Solved with stroller . The answer is yes. Yes as in a definitive, positive, and affirmative yes. Note that if Peter doesn't take $x_6x_7x_8x_9x_{10}$, then he is doomed to eternal death if Basil chooses that number and sets $x_1=x_2=\cdots=x_5=0$ (and of course $x_6=x_7=x_8=x_9=x_{10}=\pi^{1+\frac{2e}{\pi}}$). Now, suppose that Peter does take that number, and now in order to avoid dying in his own trap, Basil will choose $x_5x_7x_8x_9x_{10}$. Now, suppose Peter didn't choose $x_5x_6x_8x_9x_{10}$, which enables Basil to do so. This instantly will doom Peter, as Basil will move in to sweep up that number. Now Basil will set $x_1=x_2=x_3=x_4=0$, $x_5=x_6=x_7=e$, and $x_8=x_9=x_{10}=\pi^{2\cdot\pi^\pi}$. Noting that $10^{40}\geq x_8\geq 10^{36}$ while $x_7\leq 3$, which indicates that Basil has a product of at least \[x_5x_6x_8x_9x_{10}+x_5x_7x_8x_9x_10\geq 2\cdot e^2\cdot x_8^3\]and Peter has a product of at most \[x_5x_6x_7x_9x_{10}+x_5x_6x_7x_8x_{10}+x_5x_6x_7x_8x_9+x_6x_7x_8x_9x_{10}\leq e^2\cdot x_8^3+\pi\cdot e^3\cdot x_8^2\leq e^2x_8^3+4\cdot 1000\cdot 10^{50}\leq 1.5\cdot e^2\cdot x_8^3\] Thus, Peter is forced to take $x_5x_6x_8x_9x_{10}$. However, we can turn this on him very quickly by taking the $x_4x_7x_8x_9x_{10}$ card, and then setting $x_1=x_2=x_3=0$, $x_4=x_5=x_6=e$, $x_7=x_8=x_9=x_{10}=\pi^{2\cdot \pi^{\pi}}$. Then, Basil has a sum of at least \[x_5x_7x_8x_9x_{10}+x_4x_7x_8x_9x_{10}\geq 2e\cdot x_7^4\]while Peter has a sum of at most (there are only \[x_6x_7x_8x_9x_{10}+17378\cdot x_5x_6x_8x_9x_{10}\leq e\cdot x_7^4+10^6\cdot e^2\cdot x_8^3\leq e\cdot x_7^4+10^{140}\leq 1.5\cdot e\cdot x_7^4\] Thus, no matter what Basil does, he ends up beating Peter.

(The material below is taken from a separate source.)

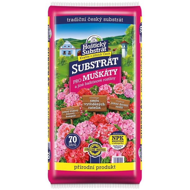 Hoštický Substrát na muškáty a balkónové kvety 70l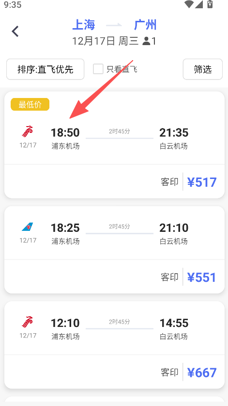 3、航班信息展示清晰,含起降时间、时长等内容,便于快速了解航班的核心信息。

Note to the kids: It's very crucial we chose the numbers as we did - it was important to choose $\pi^{2\cdot \pi^{\pi}}$ and $e$, as otherwise the solution completely fails and falls apart. @below After taking a look at the Riemann Hypothesis, it became apparent we needed to randomly throw in $\pi$s everywhere to make sense. And this turned out to work.

Wow, interesting solution! Can you explain where you got $\pi^{2\cdot \pi^{\pi}}$?